* **INSTRUCTIONS TO FOLLOW**: Give back exactly the lines of the entries below from the line with "계란을 2개 풀어줍니다." to the line with "1、鍋(guō)爐型式為臥式", inclusive, and only those.

* **SUPPLIED DATA**:

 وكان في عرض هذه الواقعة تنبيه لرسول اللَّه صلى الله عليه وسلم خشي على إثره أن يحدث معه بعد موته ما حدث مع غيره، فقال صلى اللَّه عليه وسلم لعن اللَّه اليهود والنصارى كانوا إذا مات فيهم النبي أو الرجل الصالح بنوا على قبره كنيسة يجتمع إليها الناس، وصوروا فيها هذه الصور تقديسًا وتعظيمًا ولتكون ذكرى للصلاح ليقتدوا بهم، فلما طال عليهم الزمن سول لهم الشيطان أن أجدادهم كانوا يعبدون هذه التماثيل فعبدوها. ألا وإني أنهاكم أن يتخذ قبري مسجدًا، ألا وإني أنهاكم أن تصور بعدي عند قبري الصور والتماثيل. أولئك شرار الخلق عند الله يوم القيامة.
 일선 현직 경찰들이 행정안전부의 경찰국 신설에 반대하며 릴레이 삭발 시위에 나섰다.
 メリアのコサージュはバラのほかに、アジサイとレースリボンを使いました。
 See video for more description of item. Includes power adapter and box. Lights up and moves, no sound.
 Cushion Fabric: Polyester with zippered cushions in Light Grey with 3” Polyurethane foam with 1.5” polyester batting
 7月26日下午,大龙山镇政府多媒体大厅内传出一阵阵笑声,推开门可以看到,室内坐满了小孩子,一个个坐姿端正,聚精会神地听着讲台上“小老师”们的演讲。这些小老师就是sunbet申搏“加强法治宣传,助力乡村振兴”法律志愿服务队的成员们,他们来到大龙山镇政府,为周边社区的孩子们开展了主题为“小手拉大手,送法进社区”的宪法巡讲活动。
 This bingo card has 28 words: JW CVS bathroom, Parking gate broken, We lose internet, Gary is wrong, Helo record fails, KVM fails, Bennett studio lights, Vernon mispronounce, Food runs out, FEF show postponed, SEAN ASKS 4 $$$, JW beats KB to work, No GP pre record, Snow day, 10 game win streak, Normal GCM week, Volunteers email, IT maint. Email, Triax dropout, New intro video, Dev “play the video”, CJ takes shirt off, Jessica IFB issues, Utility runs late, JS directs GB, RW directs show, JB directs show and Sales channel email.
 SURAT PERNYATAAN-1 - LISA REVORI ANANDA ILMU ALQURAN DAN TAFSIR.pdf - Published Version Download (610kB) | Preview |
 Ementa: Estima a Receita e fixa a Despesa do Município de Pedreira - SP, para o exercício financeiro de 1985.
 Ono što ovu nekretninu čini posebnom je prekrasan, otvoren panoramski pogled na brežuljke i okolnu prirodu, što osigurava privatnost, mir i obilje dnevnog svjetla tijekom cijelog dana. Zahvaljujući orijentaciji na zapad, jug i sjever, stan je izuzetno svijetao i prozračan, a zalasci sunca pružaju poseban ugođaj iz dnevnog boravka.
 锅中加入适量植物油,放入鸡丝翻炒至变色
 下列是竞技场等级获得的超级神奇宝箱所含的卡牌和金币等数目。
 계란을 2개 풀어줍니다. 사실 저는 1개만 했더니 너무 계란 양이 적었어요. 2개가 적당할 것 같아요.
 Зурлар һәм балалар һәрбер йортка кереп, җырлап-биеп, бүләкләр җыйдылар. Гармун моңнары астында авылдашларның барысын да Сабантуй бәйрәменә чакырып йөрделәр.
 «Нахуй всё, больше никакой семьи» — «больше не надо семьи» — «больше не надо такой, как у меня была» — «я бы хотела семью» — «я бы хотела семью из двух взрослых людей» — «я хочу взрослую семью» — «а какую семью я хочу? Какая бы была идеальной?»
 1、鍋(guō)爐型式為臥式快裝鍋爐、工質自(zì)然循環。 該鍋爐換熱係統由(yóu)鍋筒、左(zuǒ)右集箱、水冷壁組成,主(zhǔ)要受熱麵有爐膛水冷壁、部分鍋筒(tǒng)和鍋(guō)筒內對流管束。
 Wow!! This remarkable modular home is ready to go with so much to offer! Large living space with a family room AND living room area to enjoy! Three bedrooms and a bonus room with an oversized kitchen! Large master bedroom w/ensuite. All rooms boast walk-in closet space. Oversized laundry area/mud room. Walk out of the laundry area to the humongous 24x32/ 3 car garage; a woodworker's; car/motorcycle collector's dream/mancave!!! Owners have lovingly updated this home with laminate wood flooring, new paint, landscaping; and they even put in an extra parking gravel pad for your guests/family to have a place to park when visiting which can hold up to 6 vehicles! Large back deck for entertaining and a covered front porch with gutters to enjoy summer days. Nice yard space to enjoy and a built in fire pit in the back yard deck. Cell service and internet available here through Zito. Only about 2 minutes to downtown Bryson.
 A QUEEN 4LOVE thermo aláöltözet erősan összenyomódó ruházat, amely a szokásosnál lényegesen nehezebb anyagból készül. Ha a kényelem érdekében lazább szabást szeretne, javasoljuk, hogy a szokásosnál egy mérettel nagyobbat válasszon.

* **PROBLEM SOLUTION**:
 계란을 2개 풀어줍니다. 사실 저는 1개만 했더니 너무 계란 양이 적었어요. 2개가 적당할 것 같아요.
 Зурлар һәм балалар һәрбер йортка кереп, җырлап-биеп, бүләкләр җыйдылар. Гармун моңнары астында авылдашларның барысын да Сабантуй бәйрәменә чакырып йөрделәр.
 «Нахуй всё, больше никакой семьи» — «больше не надо семьи» — «больше не надо такой, как у меня была» — «я бы хотела семью» — «я бы хотела семью из двух взрослых людей» — «я хочу взрослую семью» — «а какую семью я хочу? Какая бы была идеальной?»
 1、鍋(guō)爐型式為臥式快裝鍋爐、工質自(zì)然循環。 該鍋爐換熱係統由(yóu)鍋筒、左(zuǒ)右集箱、水冷壁組成,主(zhǔ)要受熱麵有爐膛水冷壁、部分鍋筒(tǒng)和鍋(guō)筒內對流管束。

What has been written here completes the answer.